Transforming perspective-view images into BEV representations remains a challenge. Existing methods such as Lift-Splat-Shoot (LSS) rely on depth prediction for transformation, but face bottlenecks in both accuracy and computational efficiency, limiting their practical deployment.

To overcome these limitations, Professor Chen’s team introduced a new BEV perception framework: GaussianLSS (Gaussian Splatting for BEV Perception). Instead of estimating a single depth point per pixel, the method assigns a Gaussian distribution to each pixel, incorporating uncertainty modeling. This approach enhances both the accuracy and robustness of spatial modeling.

The study was published at the 2025 IEEE/CVF Conference on Computer Vision and Pattern Recognition (CVPR), and the associated data and tools have been publicly released, advancing both research and practical applications in intelligent driving perception.

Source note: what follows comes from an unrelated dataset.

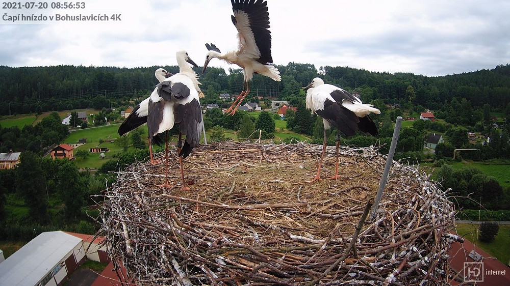 Mláďata čápů z Mladých Buků už vylétají z hnízda. Přikrmování končí

Conclusion: Toward Safer and More Interpretable Intelligent Driving Systems

From risk identification and benchmark construction to risk perception modeling, Professor Yi-Ting Chen and the Human-Centered Intelligent Systems Lab have been deeply engaged in addressing the critical safety challenges of intelligent driving systems. Their focus on scenario-based and interpretable design significantly improves the practicality, stability, and trustworthiness of algorithms in real-world driving environments.

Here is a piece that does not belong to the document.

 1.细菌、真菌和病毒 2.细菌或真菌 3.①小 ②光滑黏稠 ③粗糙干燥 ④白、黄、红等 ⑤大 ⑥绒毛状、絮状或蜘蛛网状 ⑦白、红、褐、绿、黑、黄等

Looking ahead, Professor Chen’s team is committed to promoting open data, standardized testing platforms, and cross-institutional, international collaborations. Their goal is to help build a safe, transparent, and trustworthy intelligent transportation ecosystem. Their research not only injects key momentum into Taiwan's intelligent driving development but also contributes significantly to the global advancement of sustainable smart mobility.